Curve, the London-based fintech that lets you combine all your bank cards into one, has reached the milestone of over 300,000 cardholders, its CEO and founder Shachar Bialick exclusively told Forbes.
“You don’t see this kind of growth unless you’re solving a real problem and people really get the message,” said Bialick, who is reportedly in the process of raising a $50 million series B round for Curve.
The “message” of the company is that we’re all carrying around too many cards. According to Curve’s research the average person in the U.K. carried 3.6+ cards in 2016, while in the U.S. that figure is closer to 7.5 cards.
“And we’re seeing even more specialized cards in the market now, from Monzo, N26, Revolut, Klarna, Venmo, Square. So the number of cards in the market is only accelerating and the fragmentation will accelerate too.”
Curve’s 300,000 customers places its growth slightly ahead of Starling Bank, which last reported having 210,000 accounts, albeit with Curve not trying to be a bank.
Instead the way it works by adding all your existing bank cards into the Curve app, and then paying with your one Curve card which can be transformed into any card with the tap of an app.
Curve also has clever features, like letting you switch a payment card up to 14 days after a purchase was made, or offering zero fees when paying abroad regardless of which card you’re using.
Next, the company is planning on adding even more payment magic, by letting you turn payments into monthly payment plans, effectively offering you a loan to cover larger payments.
There’s just one problem.
“This product is complicated,” Bialick admits. “It’s not one that right now you can go and advertise to bring users in. The early adopter can get it, but can the majority get it, can my mum get it? Probably not.”
“Does that matter right now? No.”
Indeed, as someone who’s tried a Curve card several times over the past few years, it’s certainly a cognitive leap to rethink our multi-card lives around a product like Curve, a leap I haven’t yet managed to make.
Another challenge has been Curve’s on-again/off-again relationship with American Express.
Back in 2016 when Curve soft-launched for business-owners only, being able to add an AmEx card and then use it anywhere, even in shops that didn’t accept AmEx, all while still collecting points, was a key selling point.
The advantage only lasted for a few weeks before American Express blocked Curve’s ability to add its cards.
Two years later Curve has managed to resolve its differences with AmEx and last month said 1,000 beta-testers had been given the ability to re-add their cards (albeit with restrictions around the amount of spending and the ability to withdraw cash).

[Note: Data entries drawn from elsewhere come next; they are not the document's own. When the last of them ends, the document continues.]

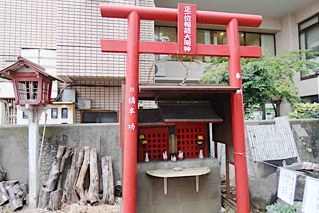 裏門側は「正一位稲荷大明神」と書かれた扁額を掲げた赤鳥居がたっていて狭い通路の先の左側に稲荷神社の小さな祠がたっていました。稲荷神社の先、「銀杏が落ちてきて危険」と紐が張られて道が通行止め、さらに細い道へと案内され、大きく回ってやっと天神様の社殿の前にでました。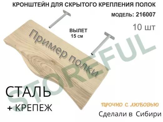 Кронштейн для скрытого крепления полок,12х150мм, серый, в наборе 10шт "SVORKAMAX-216007" без полки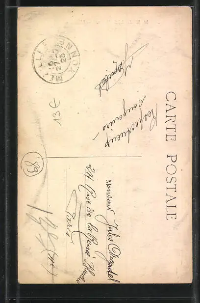 Personenbezogene Daten auf der Rückseite der Karte wurden durch blauen Textmarker unkenntlich gemacht. Die blauen Stellen sind auf die Vorderseite durchgeweicht und wirken sich negativ auf das Postkartenfoto aus

Despite all the confusion, Curve’s growth remains impressive. Bialick says the company has been growing its user base by around 40% each month with a group of 100,000 cardholders now spending £1,500 per month on average.
Next on the founder’s roadmap? International expansion.
“By the end of next year we want to be in the U.S. operationally on the ground to start preparing the product for that market,” Bialick says with certainty.
For the start of 2019 Curve plans to ramp up marketing in European countries where it has existing customers like France, Portugal, Spain, Italy, Germany and Poland.
Whether the company can figure out how to simplify Curve’s myriad of features for a mainstream audience, let alone Bialick’s mum, is less certain.
“It’s really like selling a car while everyone’s riding horses,” the entrepreneur concludes.